▸ **TO DO**: In the listing below, find the line that contains "Rückenlehne mit geradem" and the line that contains "fill brake fluid". Quote both and every line between them, exactly, and nothing more.

*** Opening of RECORD EXCERPTS ***

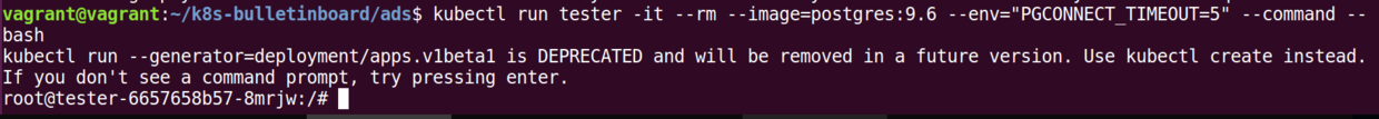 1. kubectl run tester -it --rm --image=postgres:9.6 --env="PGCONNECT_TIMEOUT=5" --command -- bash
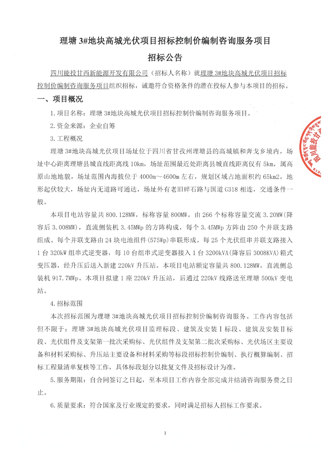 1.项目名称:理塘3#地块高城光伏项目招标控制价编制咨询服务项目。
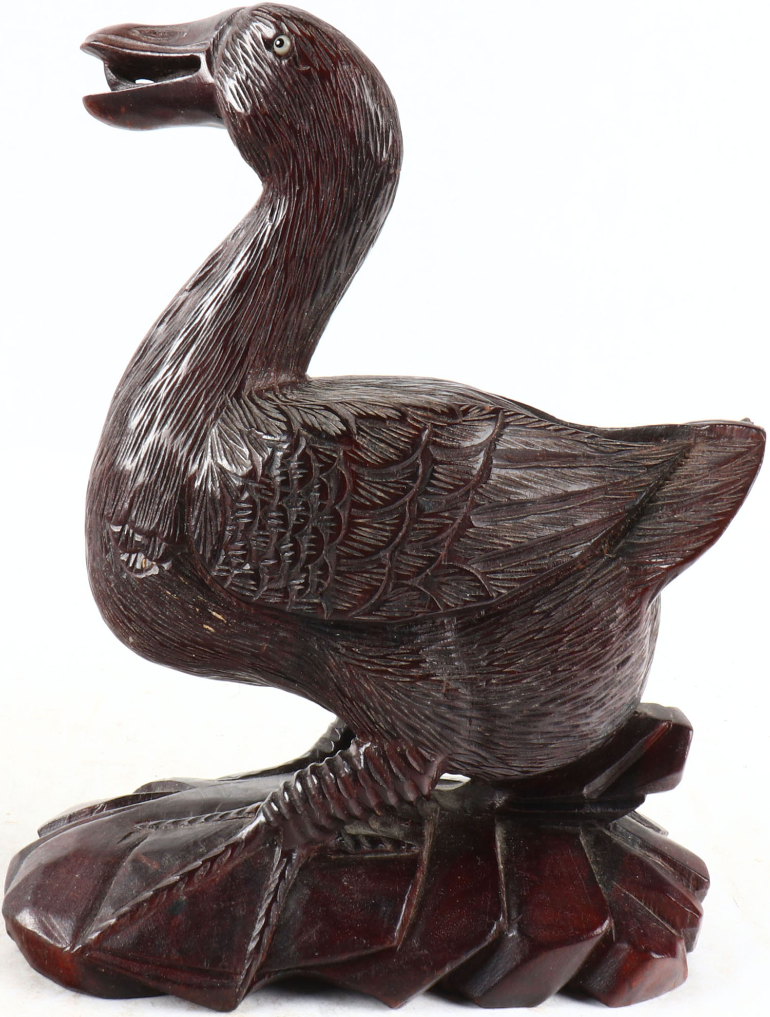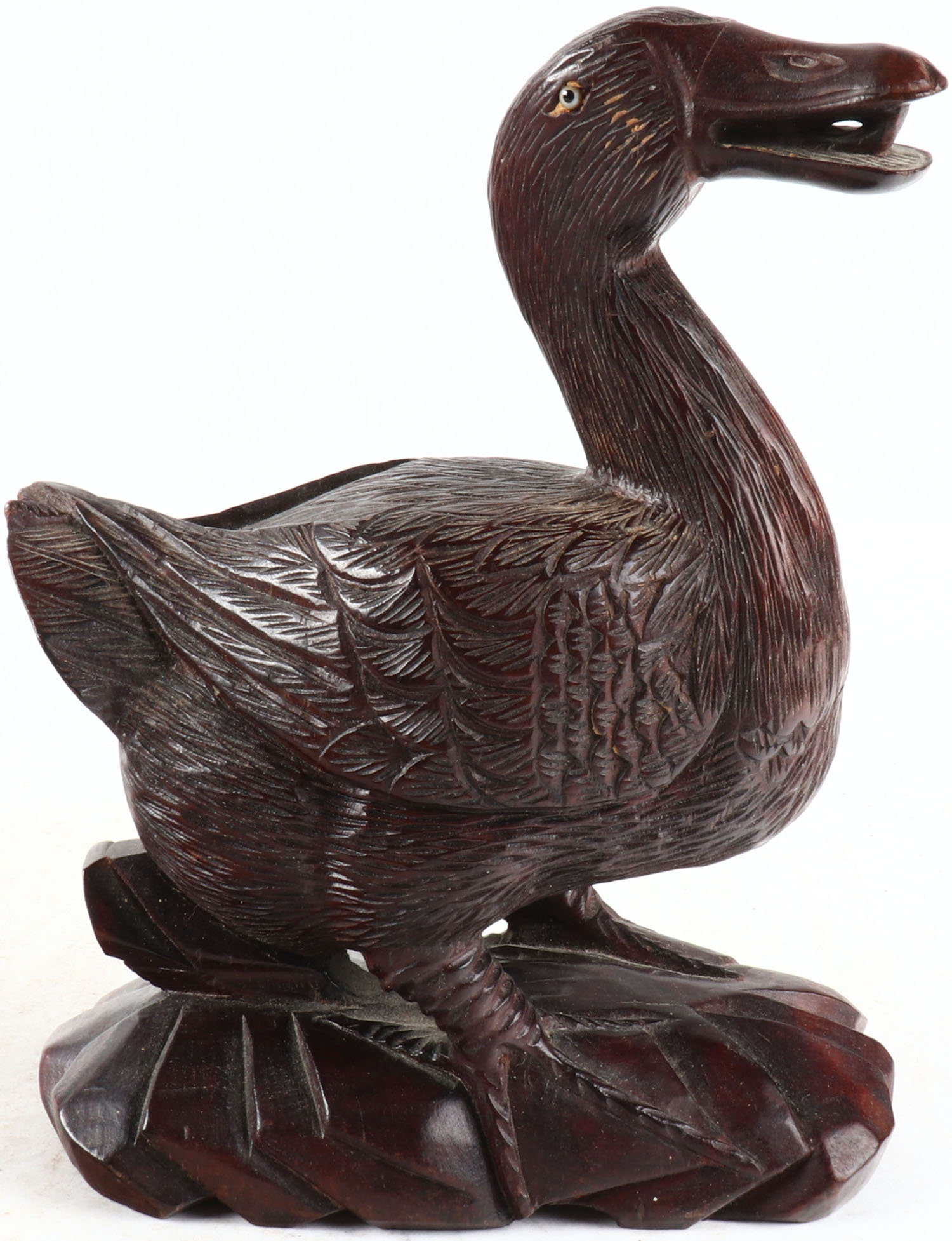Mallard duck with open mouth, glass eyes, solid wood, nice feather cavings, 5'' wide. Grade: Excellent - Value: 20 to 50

*** Close of RECORD EXCERPTS ***
*** Opening of RECORD EXCERPTS ***

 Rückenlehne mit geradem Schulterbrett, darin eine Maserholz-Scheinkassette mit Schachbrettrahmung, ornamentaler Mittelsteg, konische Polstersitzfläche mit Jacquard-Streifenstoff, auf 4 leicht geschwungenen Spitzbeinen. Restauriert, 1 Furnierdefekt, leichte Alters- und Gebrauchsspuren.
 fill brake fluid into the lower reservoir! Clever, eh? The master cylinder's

*** Close of RECORD EXCERPTS ***

▸ **ANSWER TO THIS PROBLEM**:
 Rückenlehne mit geradem Schulterbrett, darin eine Maserholz-Scheinkassette mit Schachbrettrahmung, ornamentaler Mittelsteg, konische Polstersitzfläche mit Jacquard-Streifenstoff, auf 4 leicht geschwungenen Spitzbeinen. Restauriert, 1 Furnierdefekt, leichte Alters- und Gebrauchsspuren.
 fill brake fluid into the lower reservoir! Clever, eh? The master cylinder's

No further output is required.